Department of Oncological and Regenerative Surgery, School of Medicine, University of Tokushima, Tokushima, Japan.

出版信息

Oncol Rep. 2003 Nov-Dec;10(6):1709-15.

Abstract

In our previous studies, we established a lymphogenous metastatic SCID mouse model using orthotopic implantation of human lung cancer cell lines. However, the lymphogenous metastatic potential of each cell line in our models does not reflect that of a primary tumor. In this study, we made orthotopic implanted models using primary cultured cells from surgically-resected lung cancer tissues.

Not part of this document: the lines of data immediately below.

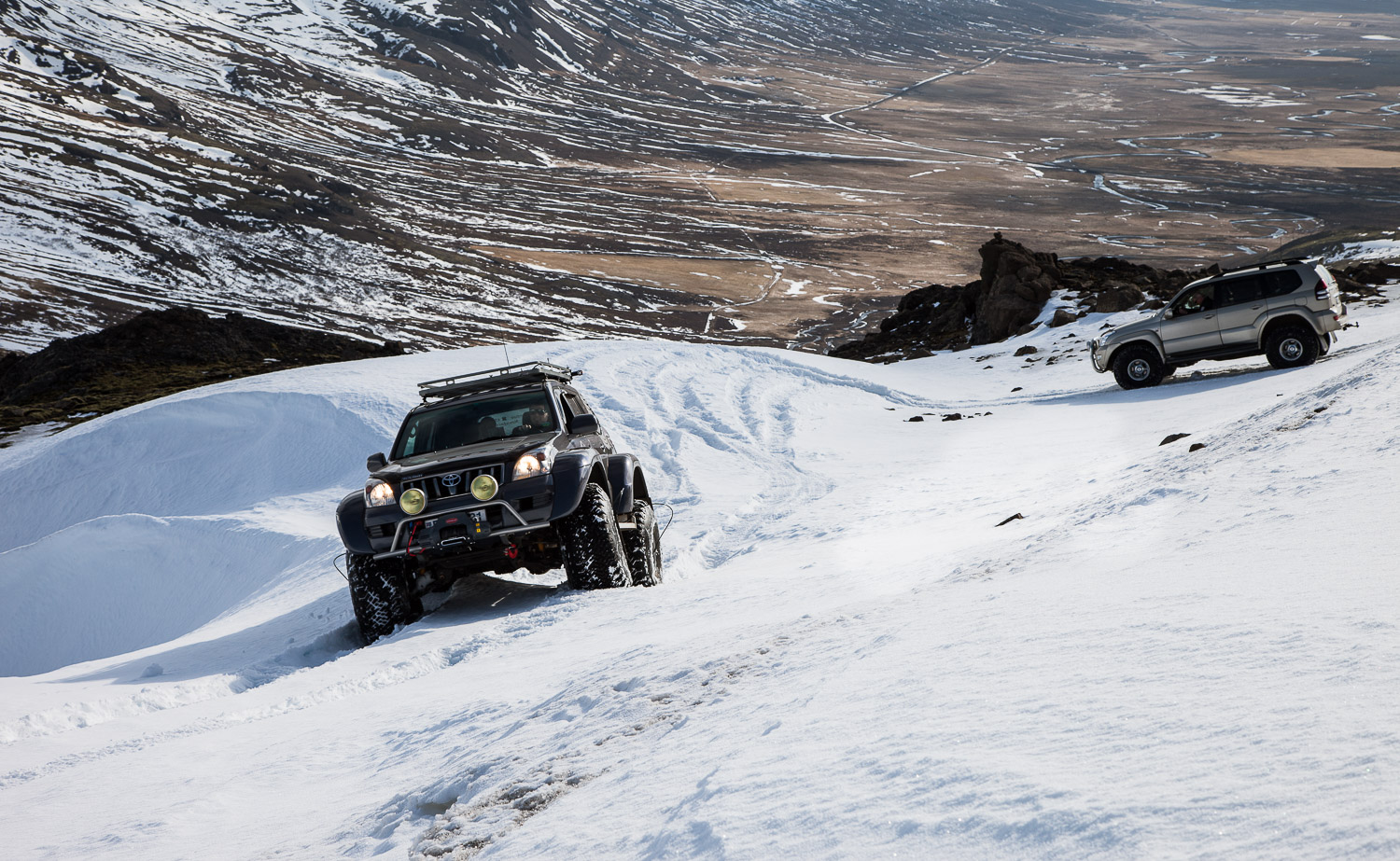 In heavy-snow winters, a Super Jeep is often the safest way to reach the striking basalt cliffs of Stuðlagil Canyon. Some tours continue into the highlands north of Vatnajökull, visiting glacial outwash plains and secluded plateaus few travelers ever see. Traveling on a Super Jeep unlocks remote corners, offering an intimate glimpse of East Iceland’s rugged, isolated beauty.
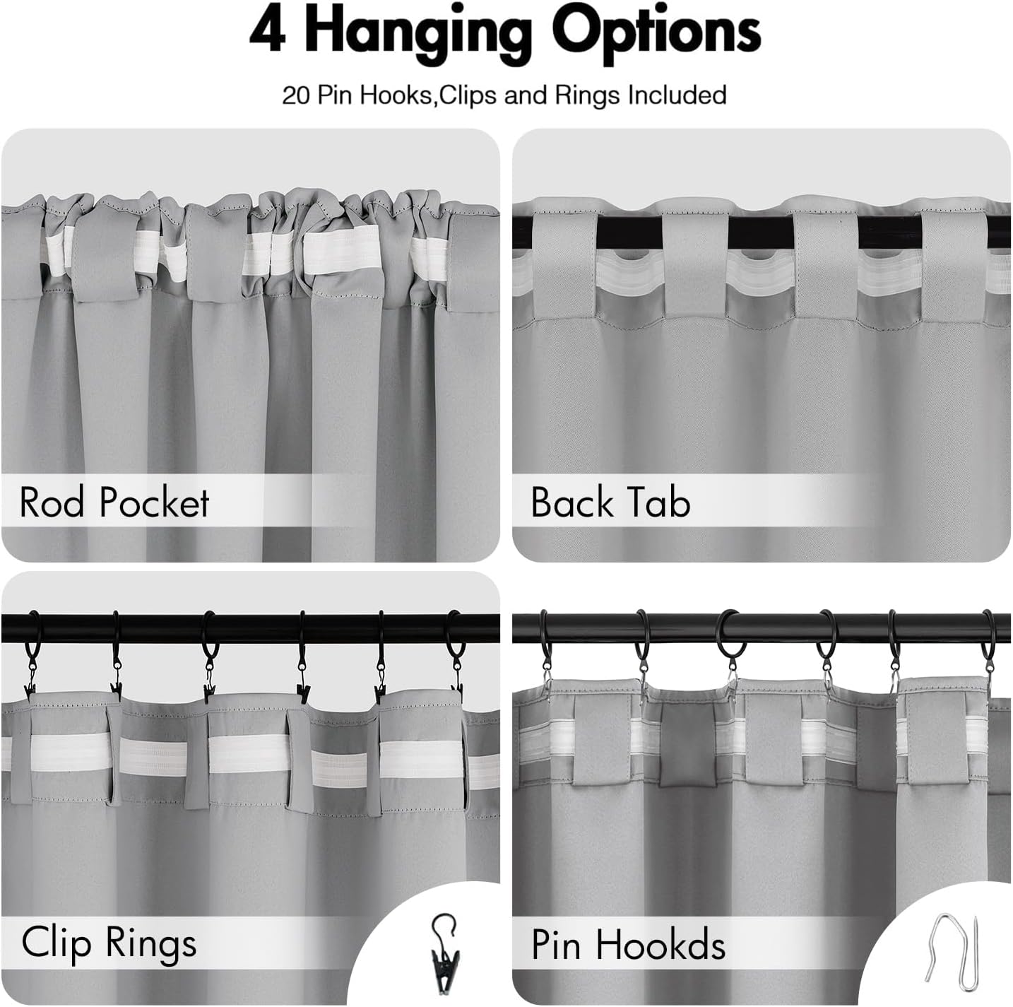 - MULTIPLE HANGING OPTIONS:Each curtain panel has 3-in-1 top style design: Rod Pocket, Back Tab and Pinch Pleat.We will include 20 pin hooks and clips for each pair of curtains (rings included)
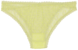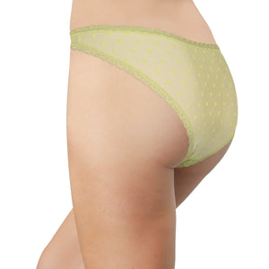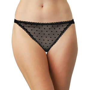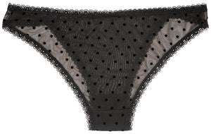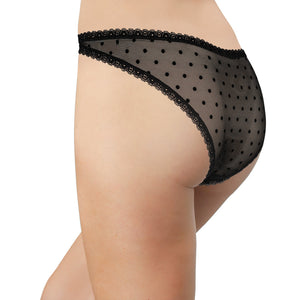 Flocked Polka Dot Mesh Cheeky with Lace Details
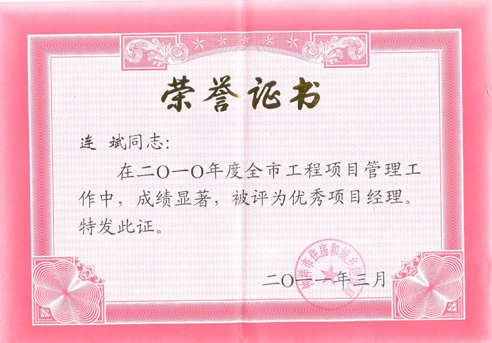 2011年3月連斌同志被評為優(yōu)秀項目經(jīng)理
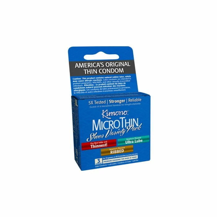 Enjoy a peace of mind without giving up that close feel by using Kimono Mircothin condoms. These condoms are up to 45% thinner than other brands, giving you the protection and feel you want. Kimono MicroThin Ultra Thin provides the most natural experience; couples say it feels like wearing nothing at all. One each of three popular microthin condoms: Thinnest, Ultra Lube, and Ribbed.
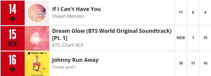 BTS WORLD’ün, 7 Haziran’da yayımlanan ilk oyun müziği “Dream Glow”, ARIA Dijital Şarkılar listesine 15. sıradan giriş yaptı. BTS üyelerinden Jin, Jimin ve Jungkook, İngiliz şarkıcı ve söz yazarı Charli XCX ile işbirliği yaparak, şarkıyı birlikte seslendirdiler.
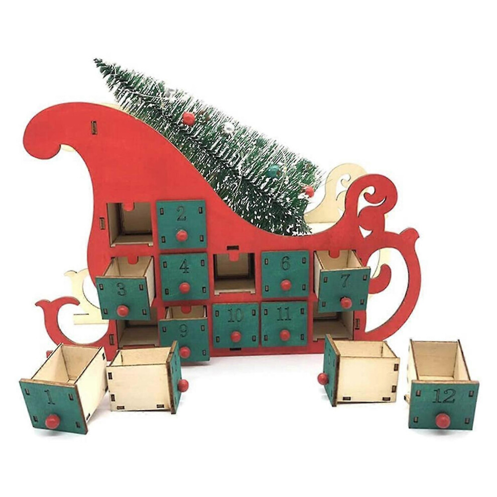 (As show, One size) Christmas Countdown Calendar Ornaments Wooden Calendar with 24 Drawers Children's Christmas Gifts a
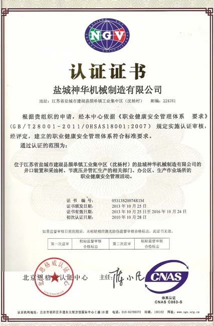 Quality management system certification Environmental management system certification Type test certificate of special equipment
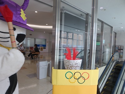 | リオオリンピック・パラリンピックをもう一度 聖火リレー・重量上げ・新体操(リボン)をやってみよう!! | |  | |  | 1 聖火リレー(トーチ)と聖火台 作り方1 アルミホイルの芯に、模様を描く(リオオリンピックの模様) 2 芯の片側の、赤色の紙で炎を付ける 1 段ボールで聖火台を作る 2 赤色の紙で炎をつける 3 下から、風を送る
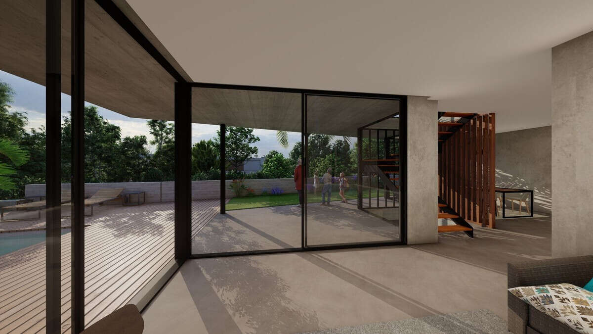 The open living spaces are enhanced by impressive high ceilings, creating a bright and airy atmosphere throughout. Large floor-to-ceiling windows frame the surrounding landscape and bring seamless indoor-outdoor living.
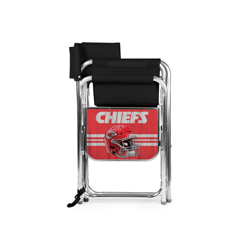 Show your team spirit year round - the Kansas City Chiefs Sports Chair with Side Table is the last and greatest portable outdoor folding chair you’ll ever need. With classic lines and modern touches, this smart travel chair made of durable polyester canvas on a foldable and lightweight aluminum frame is the deluxe folding chair you deserve. Your seat is extra-wide (19.5") and made of durable 600D polyester, so you know it’s built to last. Features abound on this lawn and picnic-ready directors chair with padded seat and armrests, fold-out side table, hanging armrest caddy for holding books & magazines, two insulated beverage pockets, and a variety of additional pockets for extras. Grab-and-go with the underseat carrying handles or use the adjustable, detachable shoulder strap for longer treks to the campsite, the beach, or across the stadium. This outdoor camping chair is ideal for camping, picnicking, concerts in the park, or watching your favorite sport comfortably from the sidelines. Your companions may be melting in the summer heat, but you've got shade for days with the Oniva Beach Umbrella (sold separately) attached to the built-in umbrella loop. But there’s no need to gloat - this outdoor camping chair does all the bragging for you without saying a word. Adorned with your favorite team logo on the back of the chair and a decorated tabletop no one will mistake who you're cheering for this season.
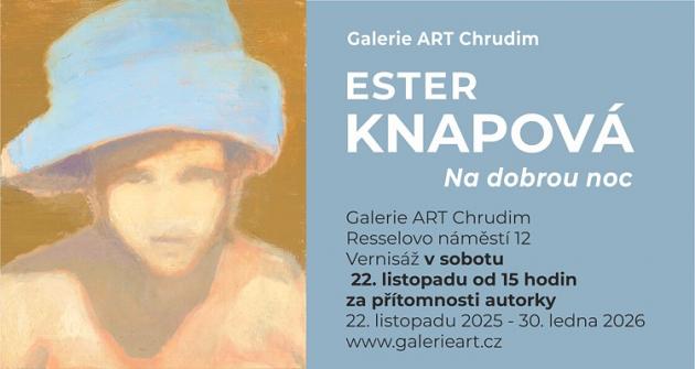 Výstava s názvem Na dobrou noc představuje velká i malá plátna Ester Knapové. Autorčina díla působí jako snové sondy do paměti, v nichž se lyrická krajina stává prostorem tichých návratů do dětství, k rodinným fotografiím a vyjadřuje intenzivníí vztah k přírodě.
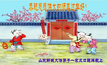 山东邹城大法弟子一家三口跪拜:恭祝慈悲伟大的师尊过年好!

Tissues of 5 patients with non-small cell lung cancer (NSCLC) were applied to a primary culture method using a collagen gel coated flask. Suspensions of 2.0x10(4) cancer cells were injected into the left lung of SCID mice. We could maintain primary culture cells from 2 (FM205 and FT821 cells) of 5 lung cancers, and made orthotopically implanted SCID mouse models. The size of both tumors in implanted sites of the lung increased with time. The FM205 cells microscopically were metastasized to the mediastinum by 4 weeks after implantation and macroscopically metastasized by 16 weeks. The FT821 cells were microscopically metastasized to the mediastinum by 4 weeks after implantation and macroscopically metastasized by 6 weeks. The lymphogenous metastatic potential of these primary culture cells was similar to that of clinical tumors. As the lymphogenous metastatic potential of this model reflects that of the clinical tumor, it is useful for elucidating the mechanism of lymphogenous metastasis and selecting anticancer drugs suitable for an individual patients.

摘要

在我们之前的研究中,我们通过原位植入人肺癌细胞系建立了一个淋巴道转移的SCID小鼠模型。然而,我们模型中每个细胞系的淋巴道转移潜能并不反映原发性肿瘤的转移潜能。在本研究中,我们使用手术切除的肺癌组织的原代培养细胞制作了原位植入模型。将5例非小细胞肺癌(NSCLC)患者的组织应用于使用胶原凝胶包被培养瓶的原代培养方法。将2.0×10⁴个癌细胞悬液注入SCID小鼠的左肺。我们能够维持5例肺癌中2例(FM205和FT821细胞)的原代培养细胞,并制作了原位植入的SCID小鼠模型。肺植入部位的两个肿瘤大小均随时间增加。FM205细胞在植入后4周镜下转移至纵隔,16周时肉眼可见转移。FT821细胞在植入后4周镜下转移至纵隔,6周时肉眼可见转移。这些原代培养细胞的淋巴道转移潜能与临床肿瘤相似。由于该模型的淋巴道转移潜能反映了临床肿瘤的转移潜能,因此它有助于阐明淋巴道转移机制并选择适合个体患者的抗癌药物。